14.3.6 Number of Time Increments, Forward Linear Prediction, and Zero Filling

As noted above, the acquisition time can be increased (and F2 resolution improved) without increasing the total experiment time by correspondingly reducing the relaxation delay. In contrast, the total experiment time is directly proportional to the number of time increments used. Since many natural products have very crowded spectra, particularly in the aliphatic region, the authors find that one commonly needs 1,024 time increments (NI) to get satisfactory F1 resolution. One can use a smaller number of increments in an attempt to save time, but the risk is that the spectrum will be too poorly resolved to allow unambiguous interpretation. Thus, rather than saving time, one actually has wasted it.

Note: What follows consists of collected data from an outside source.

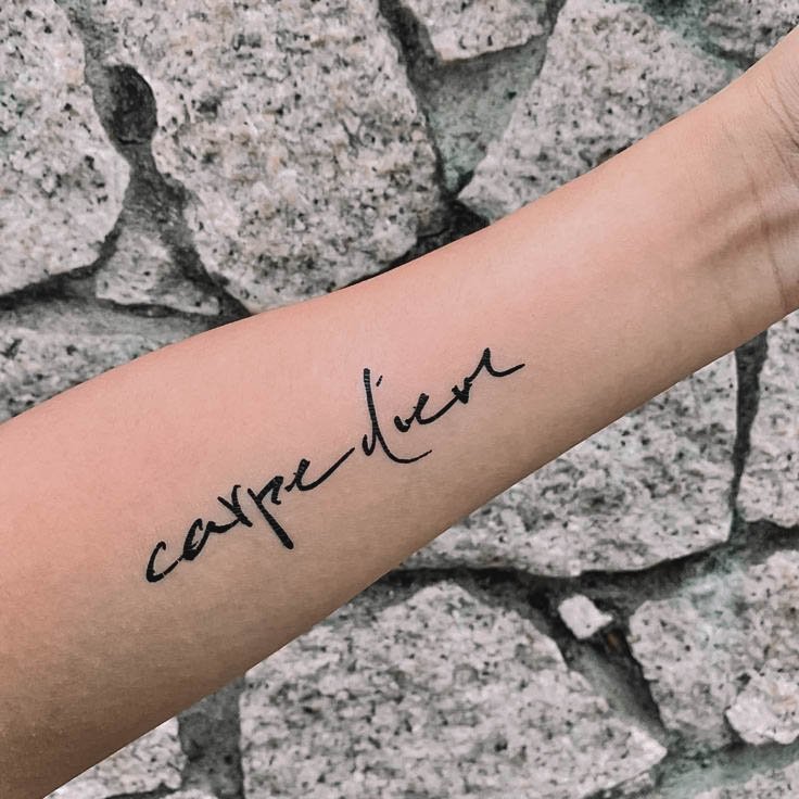 Татуировка с Carpe Diem часто трактуется как напоминание о важности момента, отказе от сожалений о прошлом и тревог о будущем. Она может символизировать любовь к путешествиям, желание раскрыть потенциал или стремление к личной свободе. В зависимости от шрифта, стиля исполнения и дополнительных элементов рисунок может приобретать более индивидуальный характер.
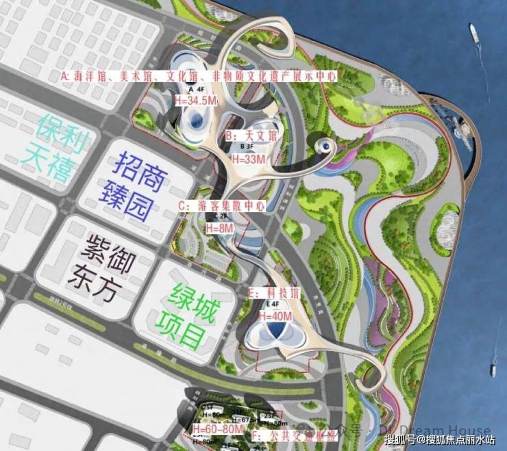 项目位置:海之韵公园旁、紫御东方东侧,东侧紧邻四馆一中心,项目东北两侧观海南向观山
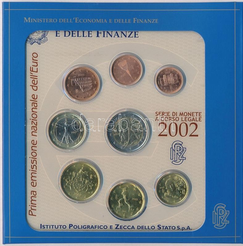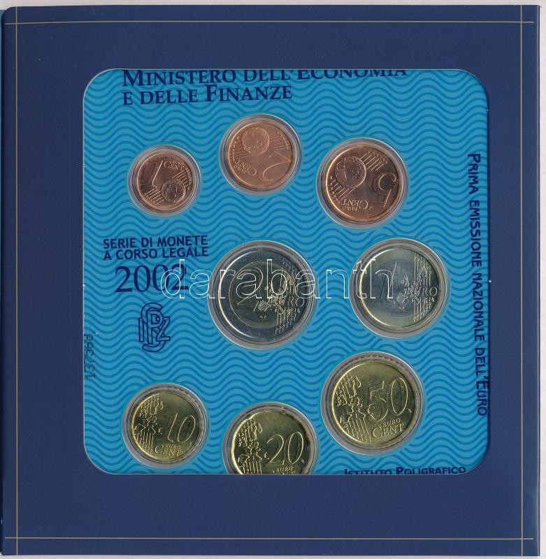 Olaszország 2002. 1c-2E (8x) forgalmi sor, "Az első nemzeti Euro kiadás", karton dísztokban T:1
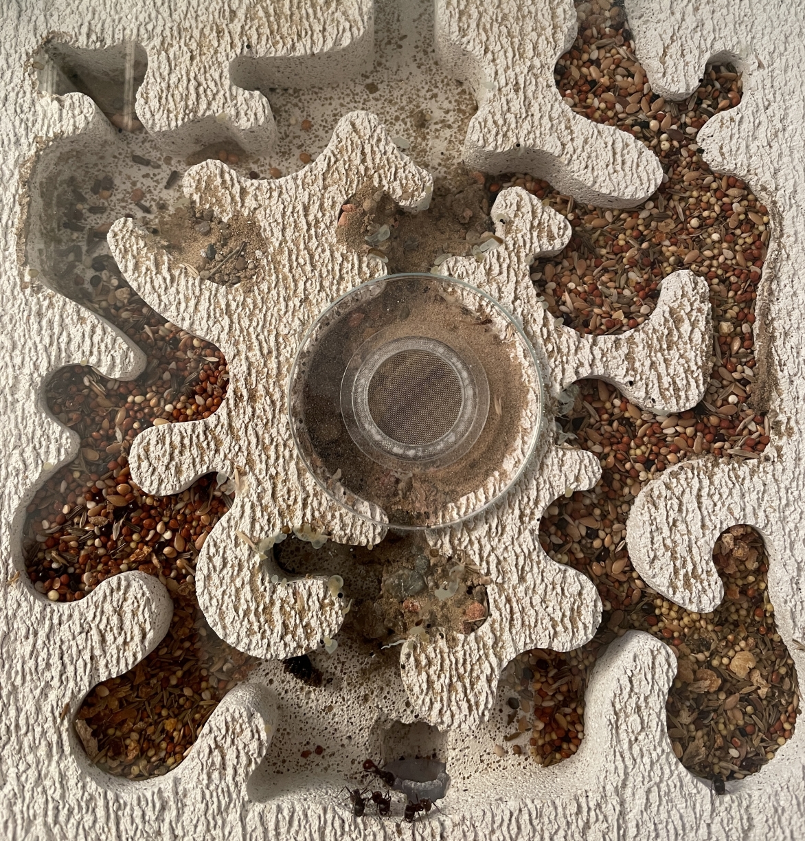 Nach etwa zwei Minuten bemerkte die erste Ameise das Futter, lief etwa fĂŒnf oder sechs mal alleine hin und her, danach liess sich Rekrutierung beobachten. Sie traf am Eingang zwei etwas grössere, die gingen mit und ab da wurden es schnell mehr, sogar zwei kleine Majore machten mit!

Fortunately, there is a well-established method that allows one to use a significantly smaller value of NI, thus saving time, while still getting adequate resolution. This is forward linear prediction (LP) (120). The idea behind LP can be likened to a race where different automobiles each travel at a different, but constant, speed. If their relative positions after 256 laps are noted, one can make a very good estimate of their relative positions after 512 or 1,024 laps. In NMR LP, finite-length interferograms are extended by using information from previous data points to predict additional data points. In a time sequence of data points, the value of a particular data point, d(m), can be estimated from a linear combination (hence the name “linear prediction”) of the data points that immediately precede it (120):

$$ \mathrm{d}\left(\mathrm{m}\right)=\mathrm{d}\left(\mathrm{m}-1\right)\mathrm{a}(1)+\mathrm{d}\left(\mathrm{m}-2\right)\mathrm{a}(2)+\mathrm{d}\left(\mathrm{m}-3\right)\mathrm{a}(3)+\cdots $$

where a(1), a(2), a(3) are the LP coefficients. The number of coefficients used corresponds to the number of data points that are used to predict the value of the next data point in the series. When applying this method to phase-sensitive 2D data sets, we have shown that one can reliably use fourfold LP, e.g. set NI = 256 but linearly predict it out to NI = 1024 (10, 121). This allows one to obtain comparable quality 2D spectra in one quarter of the time taken to obtain the full set of t1 interferograms or to double the S/N in the same time by increasing NS by a factor of four. However, fourfold linear prediction does require a reasonable number of experimental time increments, with NI =128 the suggested lower limit. For smaller values of NI, only twofold LP is recommended. Also, the authors have found that only twofold LP could be reliably carried out for absolute-value (e.g. COSY) 2D spectra, even for NI = 256 or larger (121).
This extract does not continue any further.